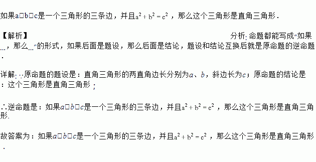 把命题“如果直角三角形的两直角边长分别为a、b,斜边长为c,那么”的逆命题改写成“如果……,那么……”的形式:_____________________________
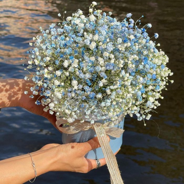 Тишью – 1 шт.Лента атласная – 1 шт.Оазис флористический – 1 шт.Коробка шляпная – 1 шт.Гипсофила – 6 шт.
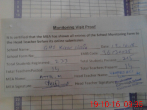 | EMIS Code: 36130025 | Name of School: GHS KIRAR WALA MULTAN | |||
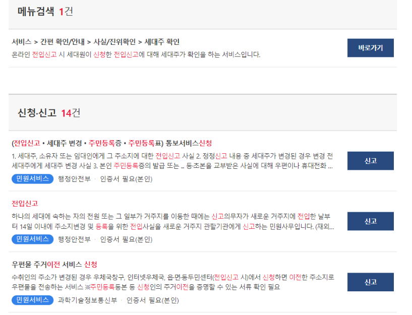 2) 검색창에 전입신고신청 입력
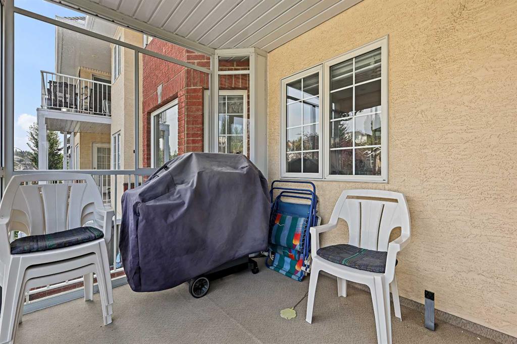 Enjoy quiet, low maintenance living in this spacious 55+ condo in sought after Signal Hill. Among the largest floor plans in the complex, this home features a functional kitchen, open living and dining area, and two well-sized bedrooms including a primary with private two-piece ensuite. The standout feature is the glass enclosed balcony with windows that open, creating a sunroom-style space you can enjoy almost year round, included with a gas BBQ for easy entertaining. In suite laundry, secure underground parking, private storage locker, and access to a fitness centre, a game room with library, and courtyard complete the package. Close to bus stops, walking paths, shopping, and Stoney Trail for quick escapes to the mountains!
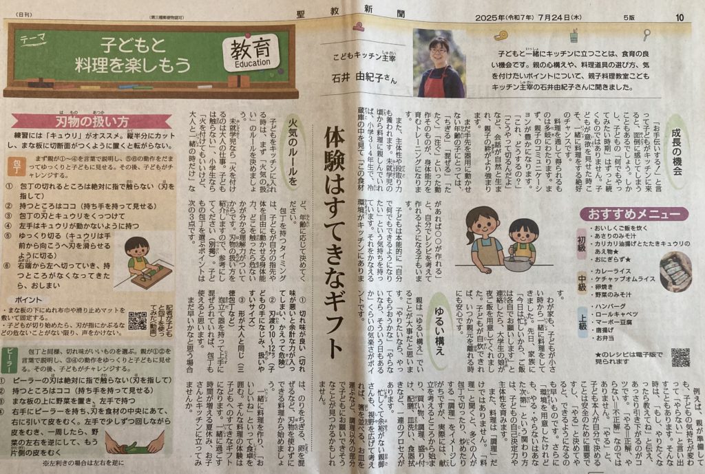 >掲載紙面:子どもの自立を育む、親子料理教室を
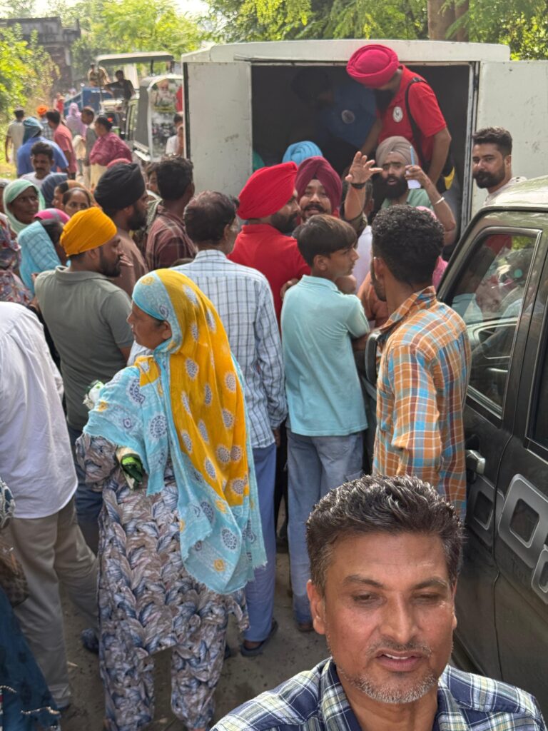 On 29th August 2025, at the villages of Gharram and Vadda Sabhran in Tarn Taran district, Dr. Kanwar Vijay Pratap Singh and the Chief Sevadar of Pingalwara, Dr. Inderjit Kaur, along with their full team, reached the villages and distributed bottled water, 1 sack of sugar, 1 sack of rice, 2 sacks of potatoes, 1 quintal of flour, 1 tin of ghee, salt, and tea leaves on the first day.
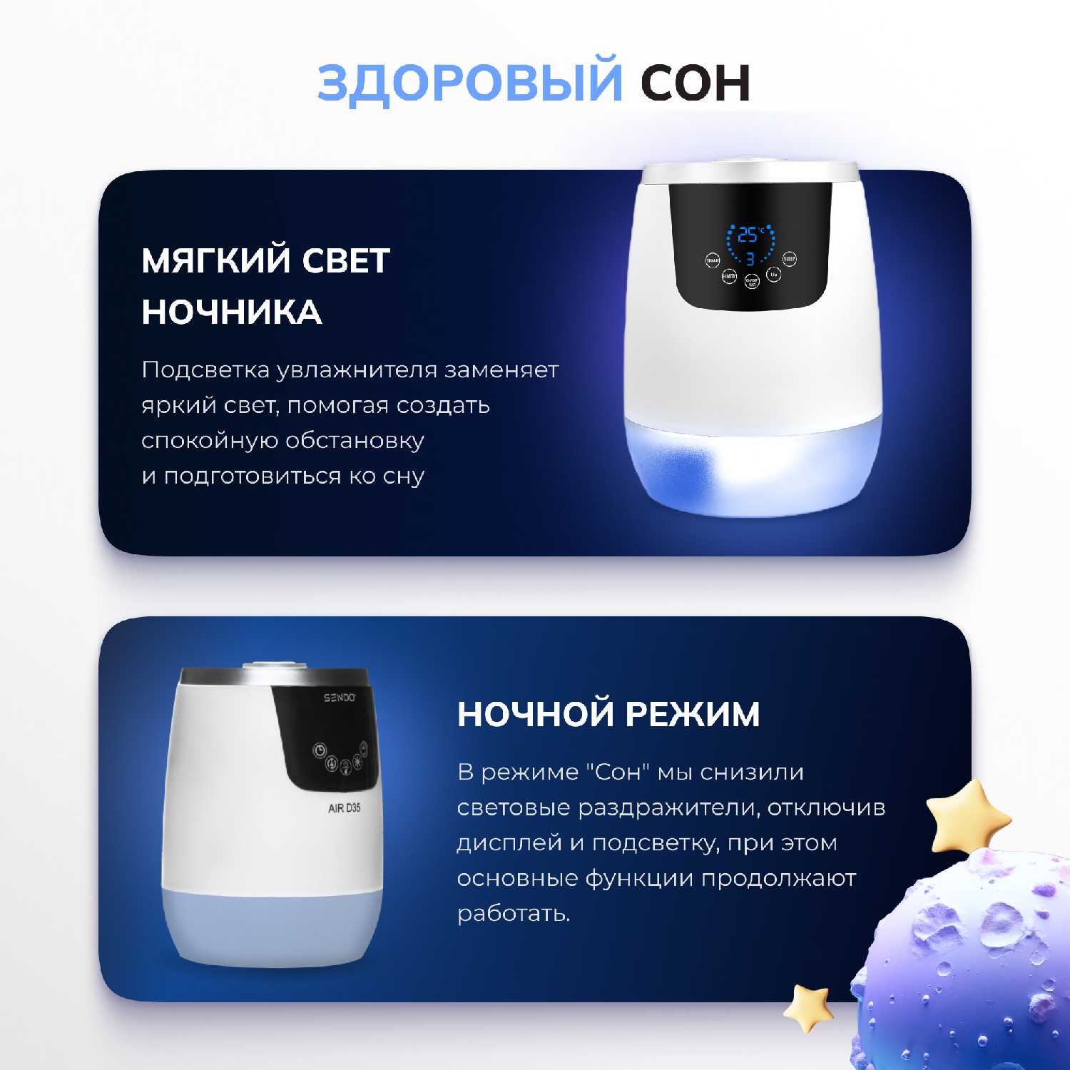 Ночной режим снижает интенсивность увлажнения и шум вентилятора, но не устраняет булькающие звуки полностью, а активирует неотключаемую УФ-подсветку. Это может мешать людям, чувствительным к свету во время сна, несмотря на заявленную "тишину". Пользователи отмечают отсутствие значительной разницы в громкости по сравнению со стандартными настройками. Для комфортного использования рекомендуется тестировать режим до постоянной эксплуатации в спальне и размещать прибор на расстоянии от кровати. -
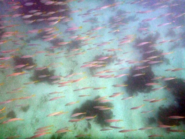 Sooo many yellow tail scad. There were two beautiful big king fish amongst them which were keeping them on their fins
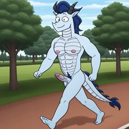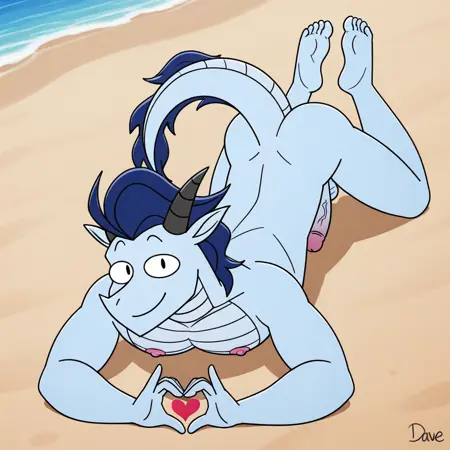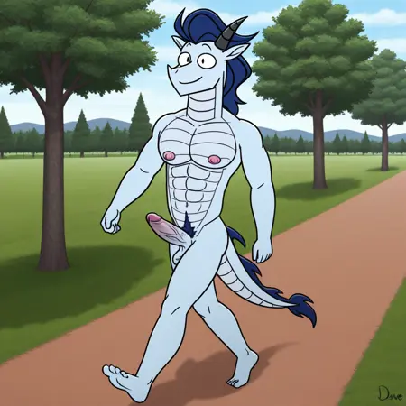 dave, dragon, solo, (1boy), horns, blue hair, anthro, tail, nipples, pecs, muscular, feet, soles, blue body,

[What is being asked]:
Set down, word for word, the full listing above, and carry over no pictures.

[Finished task]:
 把命题“如果直角三角形的两直角边长分别为a、b,斜边长为c,那么”的逆命题改写成“如果……,那么……”的形式:_____________________________
 Тишью – 1 шт.Лента атласная – 1 шт.Оазис флористический – 1 шт.Коробка шляпная – 1 шт.Гипсофила – 6 шт.
 | EMIS Code: 36130025 | Name of School: GHS KIRAR WALA MULTAN | |||
 2) 검색창에 전입신고신청 입력
 Enjoy quiet, low maintenance living in this spacious 55+ condo in sought after Signal Hill. Among the largest floor plans in the complex, this home features a functional kitchen, open living and dining area, and two well-sized bedrooms including a primary with private two-piece ensuite. The standout feature is the glass enclosed balcony with windows that open, creating a sunroom-style space you can enjoy almost year round, included with a gas BBQ for easy entertaining. In suite laundry, secure underground parking, private storage locker, and access to a fitness centre, a game room with library, and courtyard complete the package. Close to bus stops, walking paths, shopping, and Stoney Trail for quick escapes to the mountains!
 >掲載紙面:子どもの自立を育む、親子料理教室を
 On 29th August 2025, at the villages of Gharram and Vadda Sabhran in Tarn Taran district, Dr. Kanwar Vijay Pratap Singh and the Chief Sevadar of Pingalwara, Dr. Inderjit Kaur, along with their full team, reached the villages and distributed bottled water, 1 sack of sugar, 1 sack of rice, 2 sacks of potatoes, 1 quintal of flour, 1 tin of ghee, salt, and tea leaves on the first day.
 Ночной режим снижает интенсивность увлажнения и шум вентилятора, но не устраняет булькающие звуки полностью, а активирует неотключаемую УФ-подсветку. Это может мешать людям, чувствительным к свету во время сна, несмотря на заявленную "тишину". Пользователи отмечают отсутствие значительной разницы в громкости по сравнению со стандартными настройками. Для комфортного использования рекомендуется тестировать режим до постоянной эксплуатации в спальне и размещать прибор на расстоянии от кровати. -
 Sooo many yellow tail scad. There were two beautiful big king fish amongst them which were keeping them on their fins
 dave, dragon, solo, (1boy), horns, blue hair, anthro, tail, nipples, pecs, muscular, feet, soles, blue body,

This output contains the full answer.